JERUSALEM, Oct 26 (Reuters) - Palestinian President Mahmoud Abbas met Israeli Prime Minister Ehud Olmert on Friday in a new effort to narrow differences ahead of a U.S.-hosted conference on Palestinian statehood due later this year.
For several hours before the talks in Jerusalem, Israeli forces were engaged in some of the fiercest clashes in weeks in the Gaza Strip, where Palestinian Islamists opposed to Abbas seized control in June, complicating his quest for statehood.
The lunchtime talks lasted about two hours.

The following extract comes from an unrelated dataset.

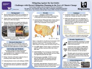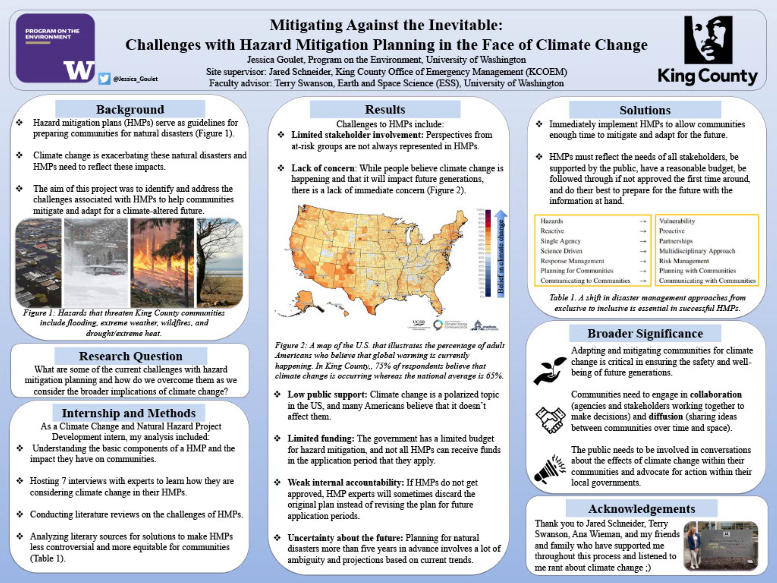 It is without a doubt that climate change has and will continue to have adverse effects on the environment and future generations. We have run out of time to simply react to climate change and its associated natural hazards, and instead, we must become proactive and act quickly to mitigate and adapt communities for a future with increased risk. The purpose of my research was to understand some of the challenges associated with hazard mitigation planning and how we can address those obstacles while considering the implications of climate change. I discovered that Hazard Mitigation experts deliberately incorporate or avoid specific approaches, methods, wording, and information when writing their hazard mitigation plans (HMP) to increase their likelihood of being approved, receiving funding, and ultimately having a positive impact on the community of interest. However, it is crucial that our HMPs reflect the climate crisis at large and address the current needs of our communities while considering the impacts of exacerbated natural disasters. Regardless of how much we prepare for the future, climate change will indefinitely impact Washingtonians in all aspects of their lives with exponentially increasing frequency and intensity. Life as we know it will look very different in the following decades and will be laden with even more environmental challenges. In order to reduce some of the most negative impacts of climate change, we need to start implementing quality HMPs into communities in the present so that they have a shot at the inevitable future.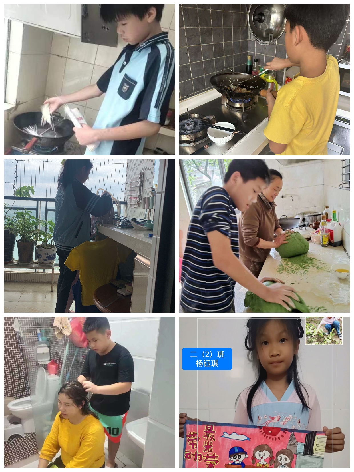 为培养孩子学会从力所能及的家务劳动做起,学会料理自己的生活,养成自己的事情自己做的习惯,并在劳动中感受父母的艰辛,培养学生的自理能力,锻炼学生的劳动实践能力,五一国际劳动节期间,学校布置了“五一”国际劳动节德育实践作业。同学们积极参与,认真完成,在“五一”小长假期间,体会到了劳动不易,学习到了各种生活技能,给认真完成任务的孩子们点赞!

Also present were the lead negotiators from both sides -- Israeli Foreign Minister Tzipi Livni and Palestinian former prime minister Ahmed Qurie.
None commented immediately afterwards.
Before the meeting another senior aide to Abbas, Saeb Erekat, condemned a plan decided by Israel on Thursday to start cutting power supplies to Gaza in response to rockets fired by militants from the enclave into Israel.
Erekat, who also attended the talks in Jerusalem, called on the international community to "intervene immediately to protect the Palestinian people and compel Israel to comply with international humanitarian law".
Abbas and Olmert were meeting over lunch to seek common ground before a U.S.-hosted conference in Annapolis aimed at agreeing on steps to establishing a Palestinian state.
While profoundly hostile to Hamas, Abbas's secular Fatah faction and the Palestinian Authority it controls in the West Bank have spoken out against Israeli action in Gaza, where troops killed six militants in raids on Friday.
Erekat, a senior negotiator with the Israelis, said the Israeli government's decision to start reducing power supplies to Gaza's 1.5 million people in response to militant rocket attacks was a "provocation" that would "double the suffering" of those living in the coastal enclave.
It was not immediately clear when the cuts will begin.
Speaking separately, Erekat said Abbas and Olmert would review the progress of negotiations at their meeting: "They will ... give their instructions on how to proceed to reach a joint document in preparation for the Annapolis meeting.
"We are seriously discussing all the core issues."